Data ▸

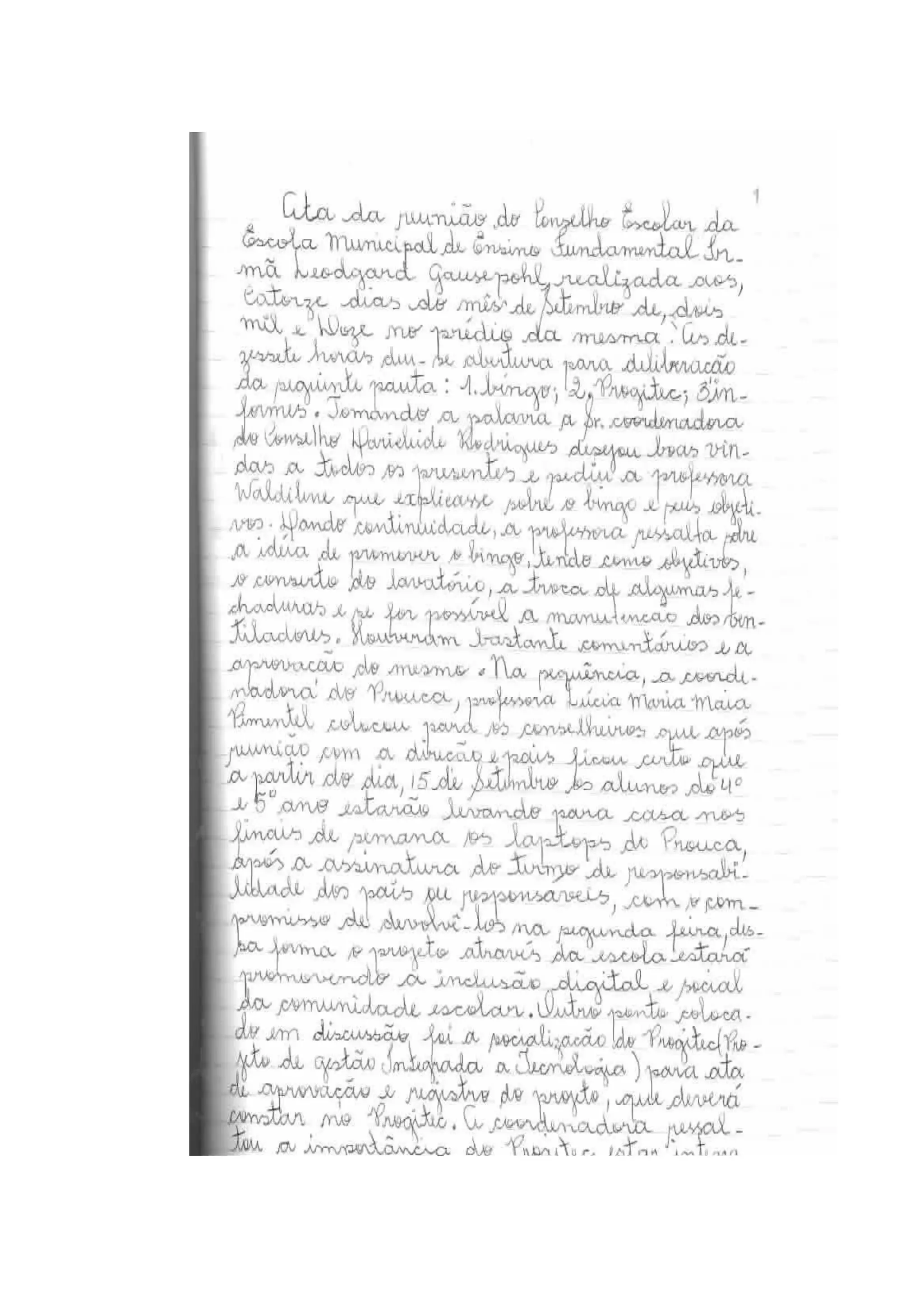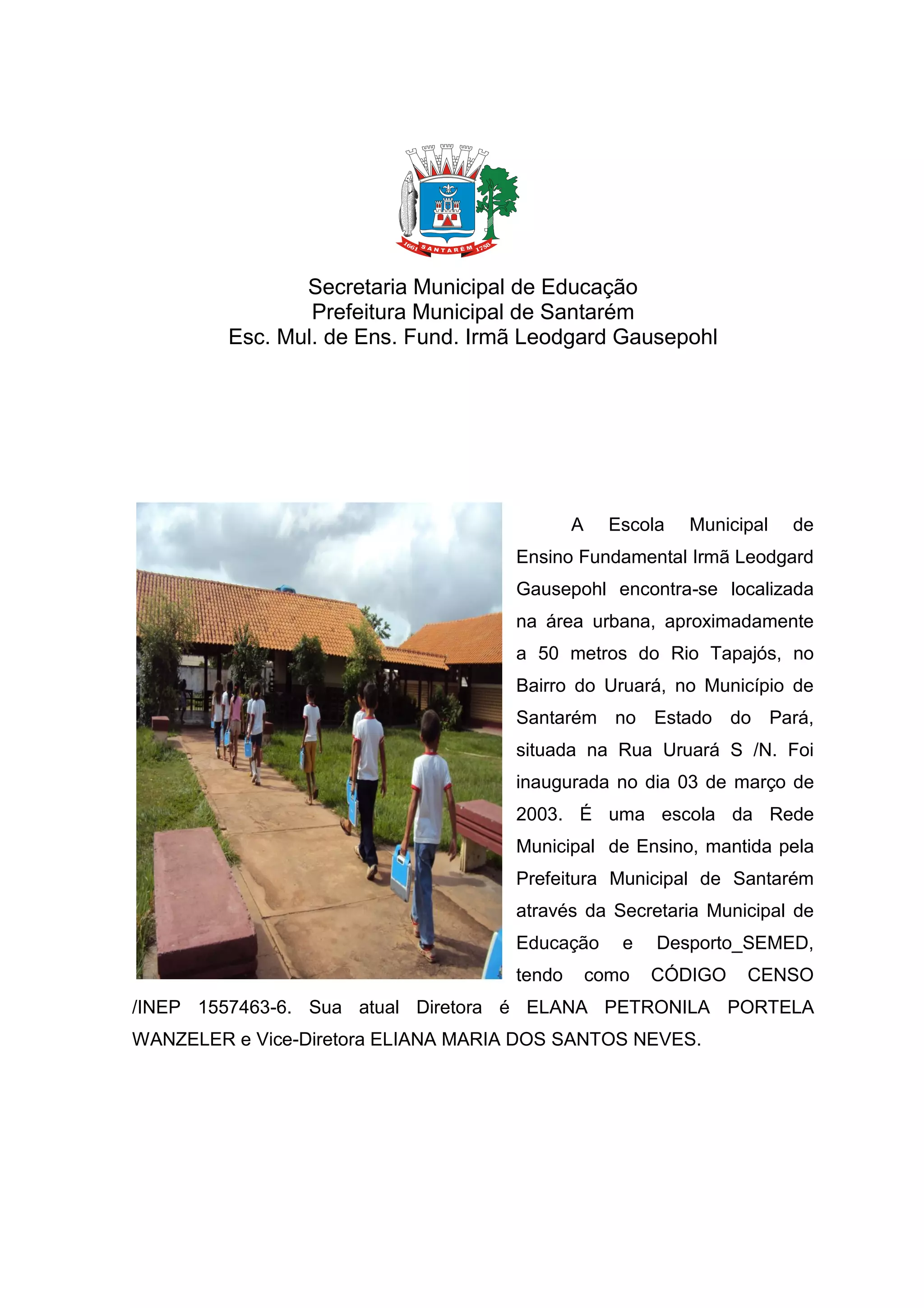 O documento descreve o projeto Progitec da Escola Municipal de Ensino Fundamental Irmã Leodgard Gausepohl em Santarém, Pará, focando na integração de tecnologias à prática pedagógica através do uso de laptops educacionais. O objetivo é promover a cultura digital e o desenvolvimento de competências em alunos e professores, utilizando recursos como o Programa Um Computador por Aluno (UCA) e metodologias interativas. Além disso, a escola possui uma infraestrutura adequada e uma equipe pedagógica que busca incentivar a leitura e escrita entre os alunos.
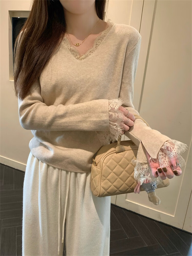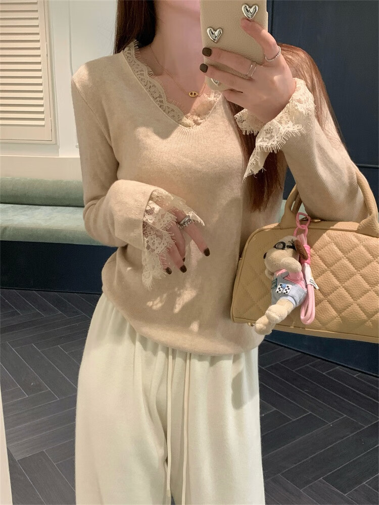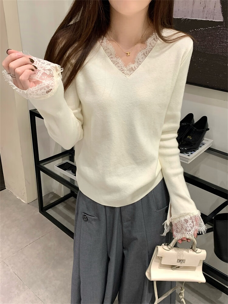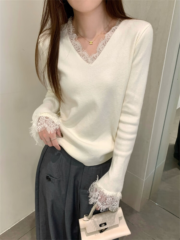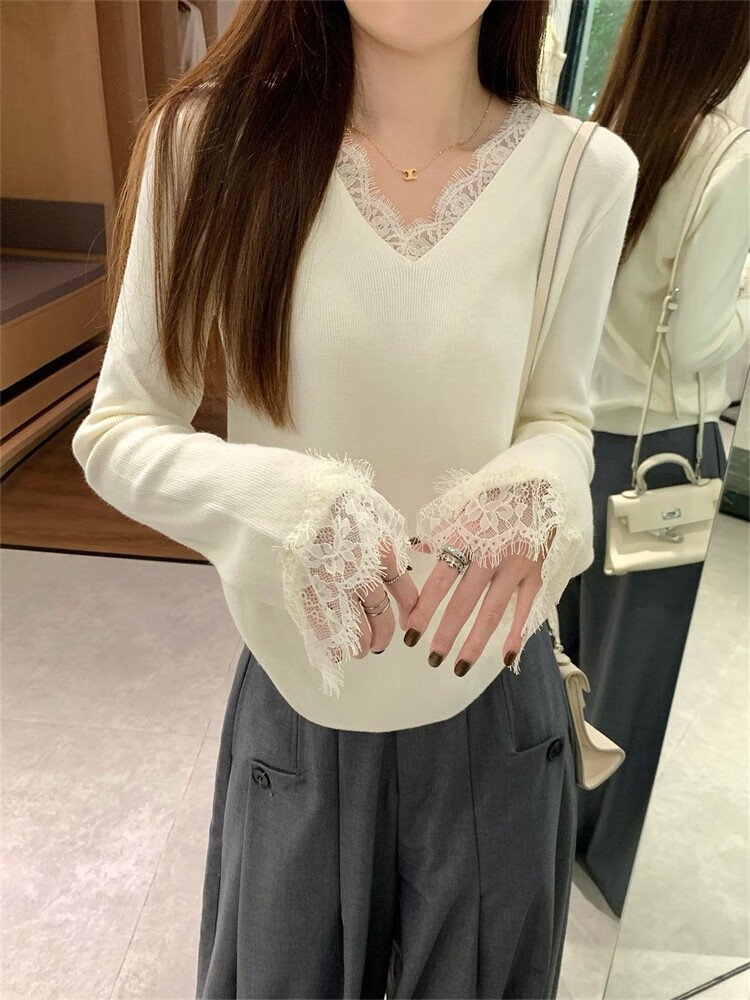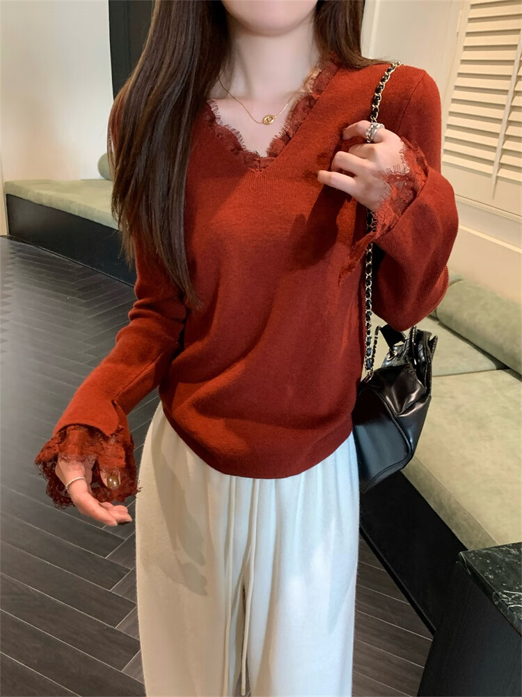 Yu Zhaolin (YUZHAOLIN) knitted bottoming shirt for women French v-neck temperament lace splicing pure desire autumn and winter new long-sleeved inner sweater
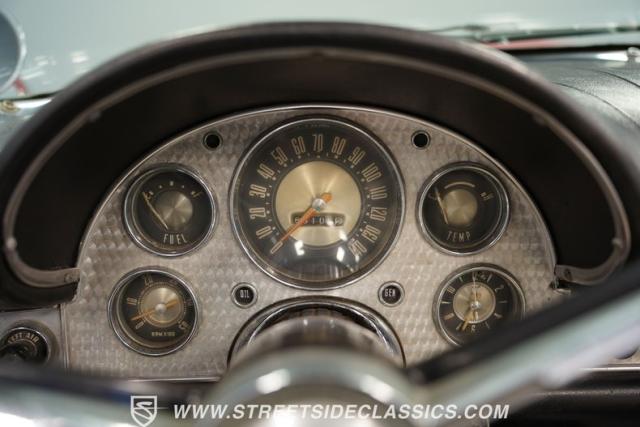 We find a black and white pleated vinyl interior with an original-looking dashboard complete with its five-pot gauge cluster, AM radio, and AC ducting. The three-spoke double-rimmed steering wheel features a Thunderbird logo center cap to remind anyone driving that they are piloting a true classic.

Problem requirements ▸ Nothing but the pictures should be left out when the listing above is transcribed.

Written answer ▸
 O documento descreve o projeto Progitec da Escola Municipal de Ensino Fundamental Irmã Leodgard Gausepohl em Santarém, Pará, focando na integração de tecnologias à prática pedagógica através do uso de laptops educacionais. O objetivo é promover a cultura digital e o desenvolvimento de competências em alunos e professores, utilizando recursos como o Programa Um Computador por Aluno (UCA) e metodologias interativas. Além disso, a escola possui uma infraestrutura adequada e uma equipe pedagógica que busca incentivar a leitura e escrita entre os alunos.
 Yu Zhaolin (YUZHAOLIN) knitted bottoming shirt for women French v-neck temperament lace splicing pure desire autumn and winter new long-sleeved inner sweater
 We find a black and white pleated vinyl interior with an original-looking dashboard complete with its five-pot gauge cluster, AM radio, and AC ducting. The three-spoke double-rimmed steering wheel features a Thunderbird logo center cap to remind anyone driving that they are piloting a true classic.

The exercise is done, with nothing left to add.